In Director, Fair Work Building Industry Inspectorate v Construction Forestry, Mining and Energy Union [2015] FCAFC 59 (CFMEU decision), the Full Court held that the usual practice of making an application to the Court for the imposition of a penalty that has been agreed between the parties and supported by an agreed statement of facts and joint submission, was not permissible.

In this eBulletin we discuss the consequences of the decision for regulators and respondents and explore what might happen next.

The decision

In the CFMEU decision, a specially convened Full Court of the Federal Court was asked to make declaratory orders and impose a pecuniary penalty against the CFMEU for contraventions of the Building and Construction Industry Improvement Act 2005. The application was supported by a statement of agreed facts and a joint submission.

The Full Court held that the common practice of hearing joint submissions from the parties about appropriate penalties, was impermissible. 

In reaching this conclusion, the Full Court conducted a detailed review of the authorities, which it then attempted to reconcile with the High Court's decision in Barbaro v The Queen (2014) 305 ALR 323. Barbaro is authority for the proposition that it is not permissible for the prosecution in a criminal proceeding to make submissions to the Court at sentencing regarding the penalty or range of penalties that would be appropriate for the Court to impose.  Until this week's judgment in the CFMEU decision, Barbaro had not been considered applicable to civil penalty matters.

Following CFMEU, the position in both civil and criminal penalty proceedings is that a joint submission on an agreed penalty is neither evidence nor a submission on the law.  It is no more than an opinion expressed by counsel, making it generally inadmissible and irrelevant to the court's determination of the appropriate penalty to be imposed.

Civil penalties and common practice

The CFMEU decision effectively outlaws a practice that has been a common feature of regulatory enforcement proceedings in fields including:

  • competition and consumer law;
  • corporations law;
  • industrial and work place regulation; and
  • financial services (including superannuation).

In approximately 70% of civil penalty cases brought by the ACCC since 1 January 2010, civil penalties were agreed between the parties.  Understandably, the decision has huge consequences for the ACCC, as well as those who are prosecuted by it.

It is likely to have similar implications for other regulators such as:

  • Fair Work Ombudsman, for which at least 75% of cases involved agreed civil penalties;
  • Australian Tax Office, for which 25% of cases involved agreed civil penalties; and
  • ASIC, for which approximately 20% of cases involved agreed civil penalties.

The court has always been required to consider whether the material in a statement of agreed facts is sufficient to find a contravention, and whether the penalties proposed by the parties are within the range that the court considers appropriate and commensurate with the seriousness of the contraventions. Under the now prohibited practice of making a joint submission as to the "appropriate" penalty, parties had a reasonable degree of comfort that the findings made and penalties imposed would be largely consistent with what was agreed.
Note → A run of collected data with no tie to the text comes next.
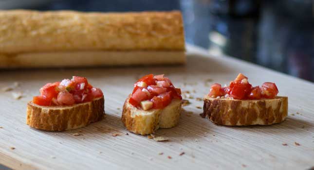 - Start by chopping your tomatoes into teeny tiny chunks and set aside in a bowl. We tend to slice a tomato as though you’re planning to make a sandwich and then dice the slices into little chunks that will be easy to when it comes to spooning them out
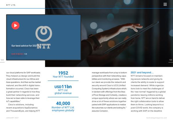 NTT remains focused on maintaining secure networks and giving its clients the ability to scale to support increased demand . While organizations look to meet the challenges of the ‘ new normal ’ triggered by a global pandemic leaving millions working from home , NTT are on hand to deliver the right collaboration tools to allow them to thrive . Looking beyond to a post-COVID world , the company is working with SAP on the deadline
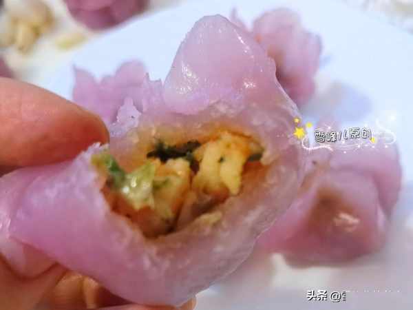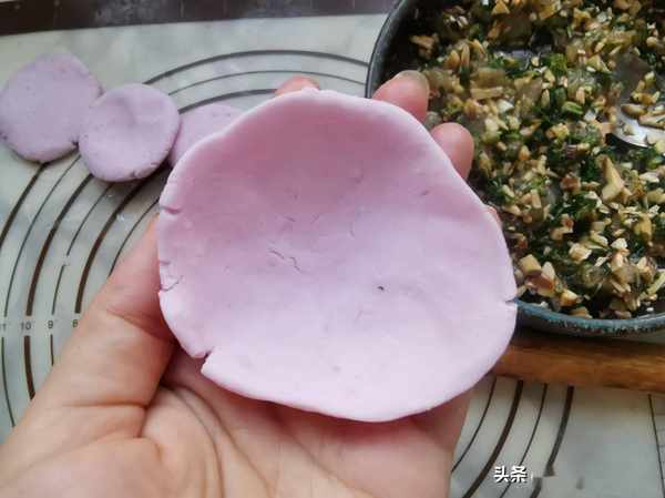 所用材料:面团:紫甘蓝少许,柠檬汁少许,澄粉120克,土豆淀粉120克,花生油少许,紫甘蓝汁少许。馅料:荠菜少许,虾仁适量,口菇3个,六月鲜12克轻盐牡蛎酱油少许,葱末少许,姜末少许,花生油少许。
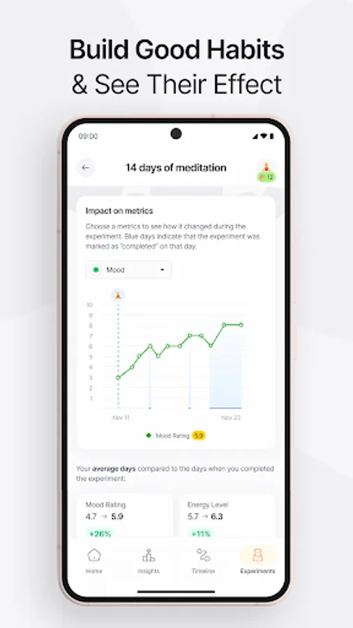 Effecto’s data-driven approach puts you squarely in the driver's seat, giving you all you need to reverse engineer your life and build it back on your terms. It is like your therapy buddy which currently supports 200+ chronic conditions. However, you can limitlessly track, analyze, and optimize any factors in your life.
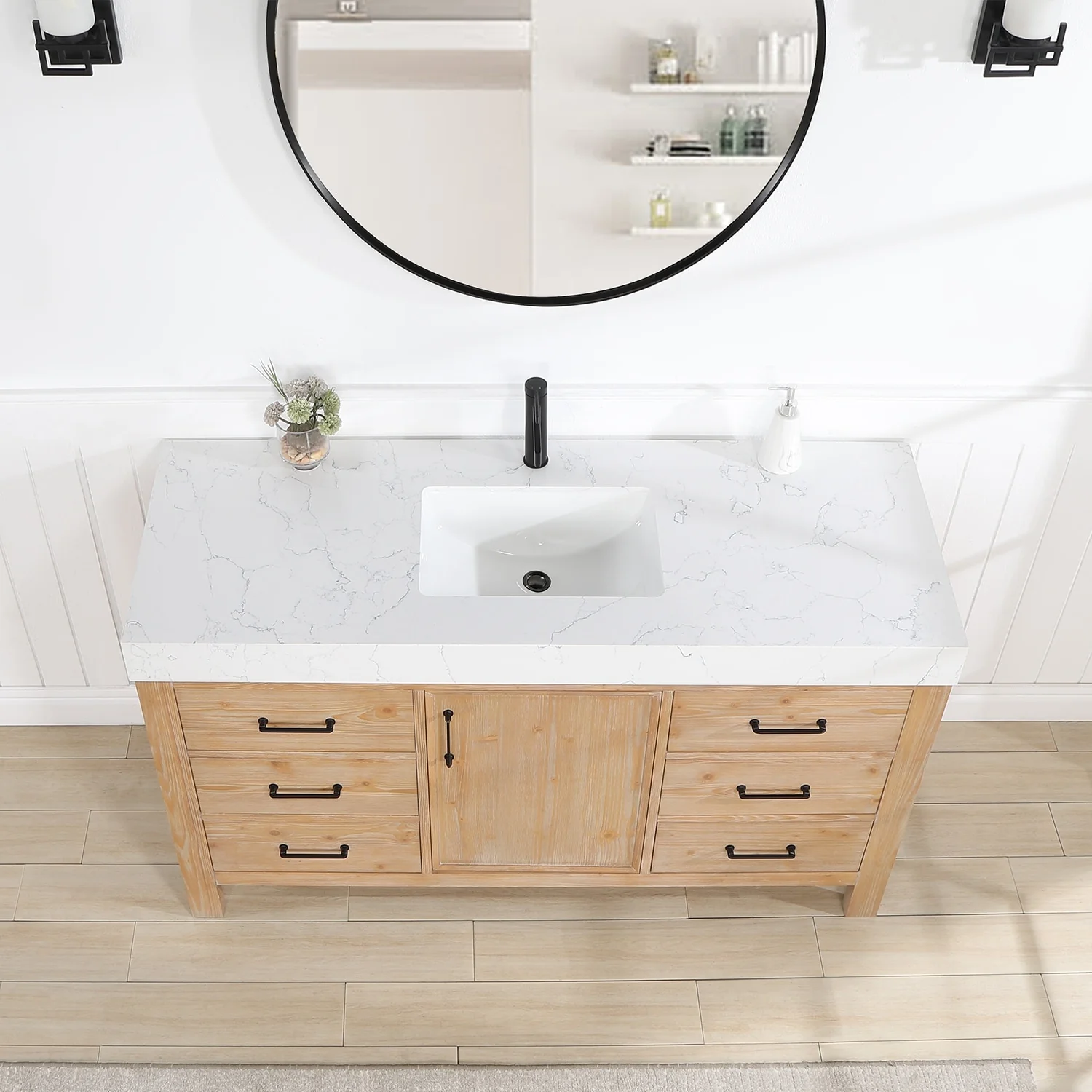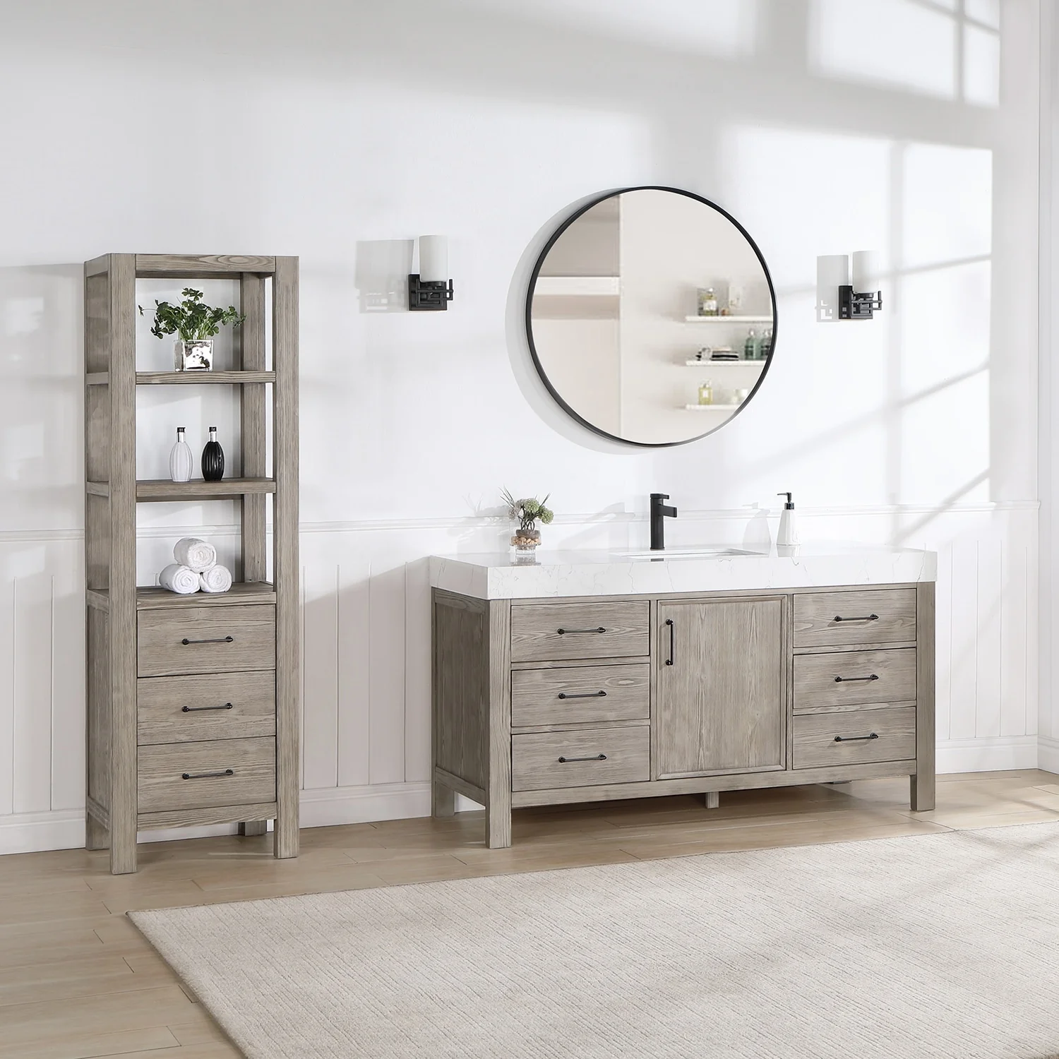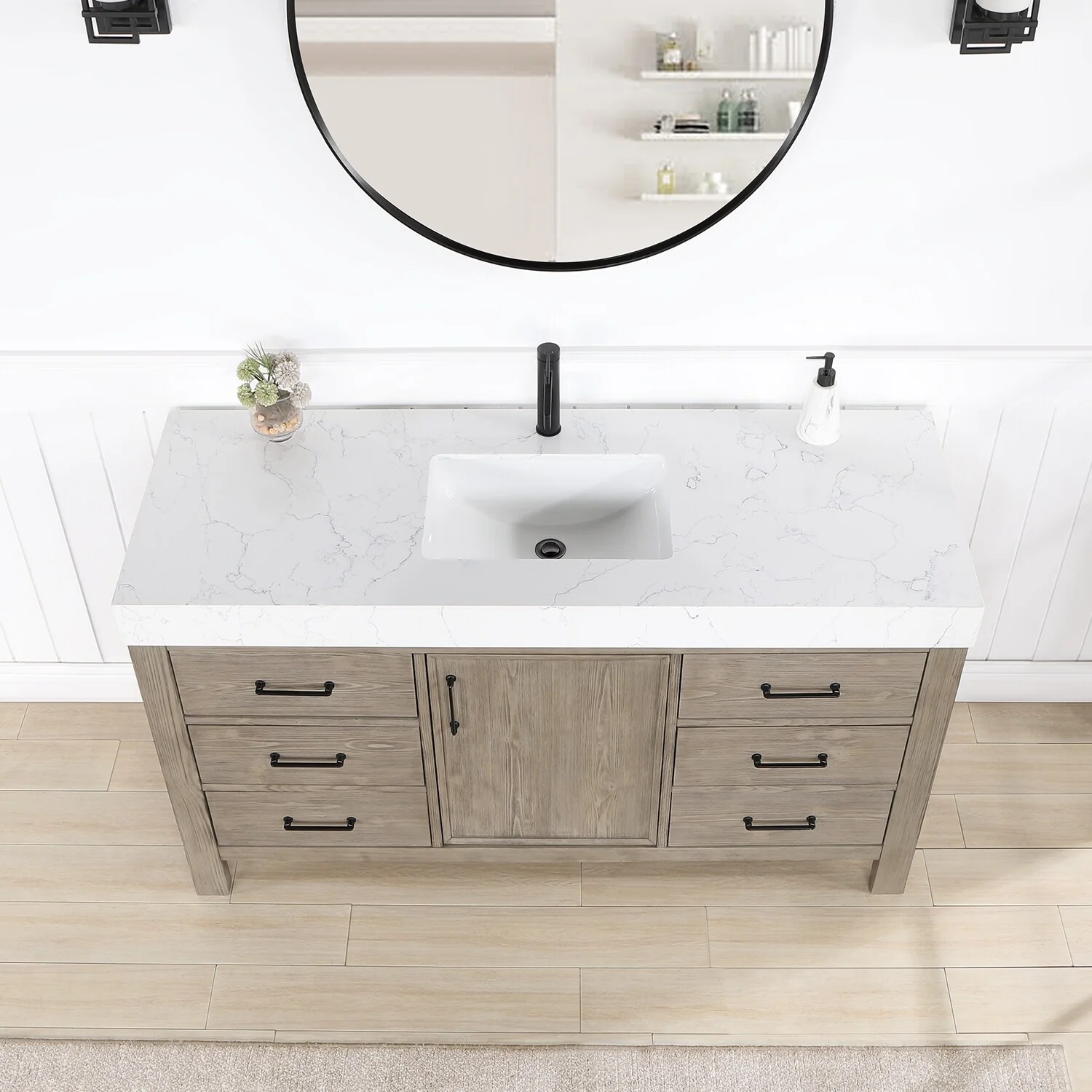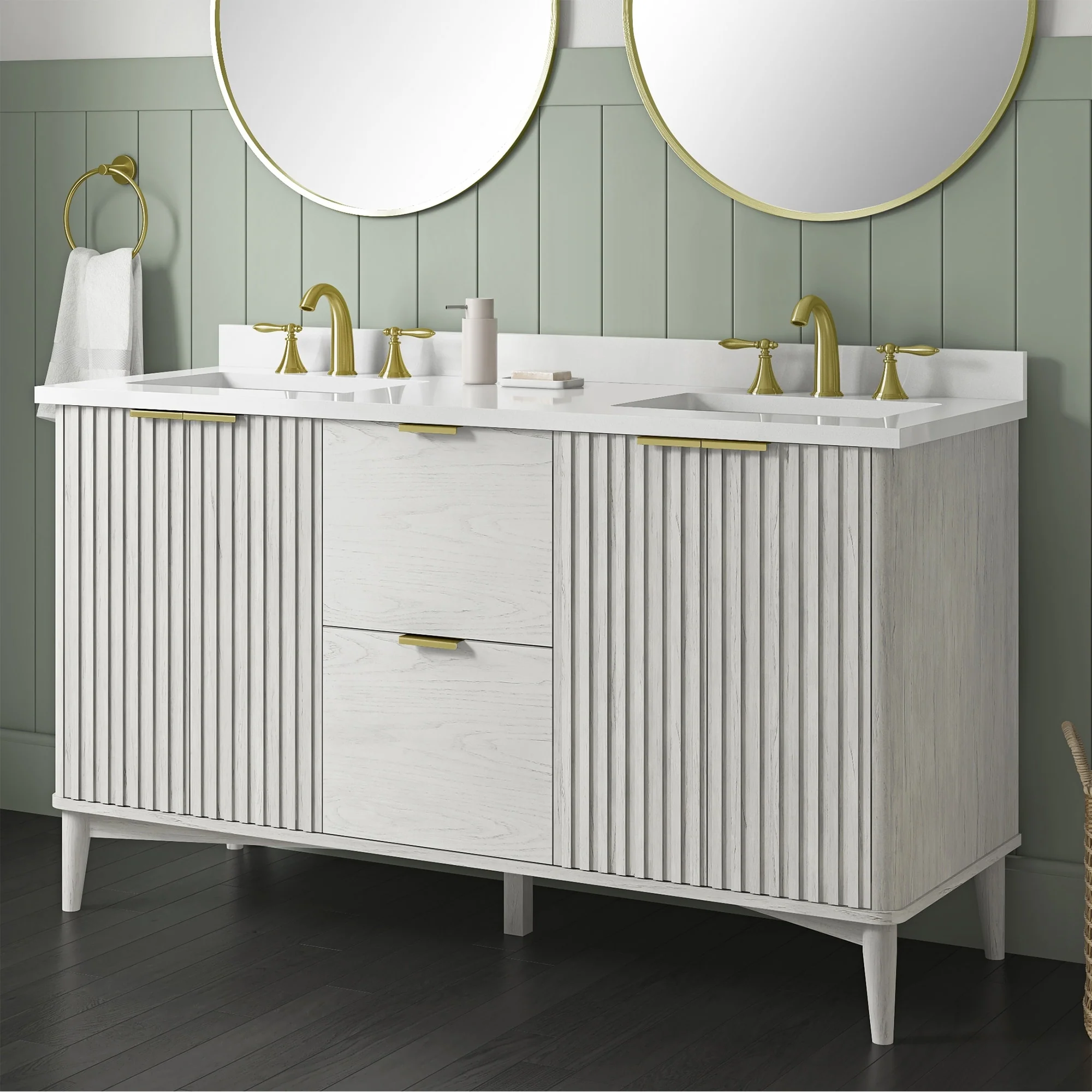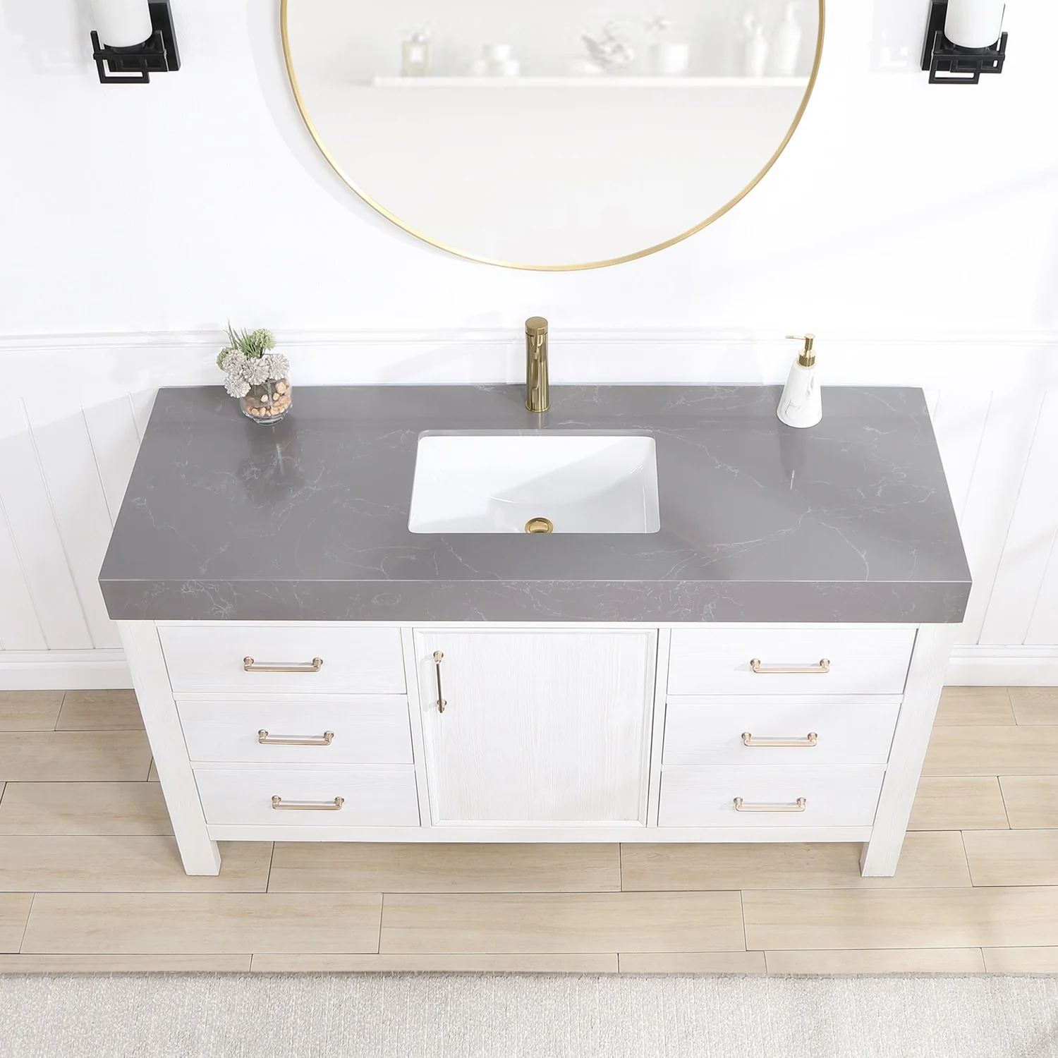 60 in. - Washed White - With Mirror

Indeed, the ACCC uses this comfort to encourage respondents to cooperate and negotiate an agreed outcome, prior to trial.  For instance, in its 'Immunity and Cooperation Policy for Cartel Conduct' (September 2014), the ACCC said that for parties who were not eligible for 'first-in' immunity, if  they nonetheless cooperated with the ACCC, the ACCC could recommend penalty discounts to the court.

Short­term uncertainty

In the short term, the CFMEU decision is likely to bring uncertainty to regulators and litigants while the courts and parties grapple with its implications.

As discussed above, the process of reaching agreement with regulators about a statement of agreed facts (which remains permissible) and the quantum of a proposed penalty (which is now in doubt)  historically gave litigants some comfort that the court was unlikely to impose a penalty greatly inconsistent with what had been agreed. Whilst the Full Court's ruling will undoubtedly impact what the parties can say to the court by way of joint submission, it may not entirely erode the relative certainty of outcome that a negotiated resolution can bring.

Nevertheless, for those who have already reached a settlement arrangement with a regulator, but are waiting to appear before a court, as well as those in the midst of settlement negotiations, the decision will not sit well.

In particular, the CFMEU decision is likely to increase the costs to respondents, as they adjust to this new regime.  This is unfortunate for those who have already negotiated outcomes, as whether or not to agree to a civil penalty is often the result of an assessment of the costs of litigation that a negotiated settlement may avoid.

The decision also casts doubt on the precedential value of previous decisions where "agreed" penalties were imposed.  A probable outcome is that penalties will, at least initially, be higher than those that have been agreed between regulator and respondent in the past.

In its extreme, the decision could deter respondents from entering into settlement arrangements in the first place and potentially have the undesired effect of encouraging respondents to go to trial and 'fight it out'.

Looking ahead

While the full impact of the decision is yet to be determined, it will greatly affect the way in which regulators and respondents go-about settlement negotiations.

It may be that regulators and litigants still find ways to communicate the appropriateness of a penalty-range to the court, albeit through a different procedure.  For instance, the quantum of penalty might be the subject of evidence, in the context of what amount would achieve the objects of the underlying legislation. The High Court in Barbaro did say that parties are entitled to make submissions as to the relative seriousness of the contraventions, explain the relevant principles and refer to comparable decisions, a comment which was noted by the Full Federal Court in the CFMEU decision.  Whether or not such practices are permissible will no doubt be the subject of further judicial consideration.

In the short term however, a period of relative uncertainty is likely to continue, particularly having regard to the fact that it is almost certain that the CFMEU decision will be appealed.  Given the gravity of the decision for regulators, it may be that the Commonwealth government is the one to initiate an appeal.  The Commonwealth intervened in the proceeding before the Federal Court and was represented by the Australian Government Solicitor (AGS).  It is believed the ACCC also took an active role in instructing the AGS and is therefore well alive to these issues.

Whilst we will need to wait until the outcome of any such appeal before the new landscape of civil penalty proceedings becomes clear, one cannot help but wonder, given the regulators' significant reliance upon negotiated outcomes to reduce the costs of such prosecutions, whether an unsuccessful judicial appeal might not be followed by calls for further legislative change to at least partially reinstate the status quo.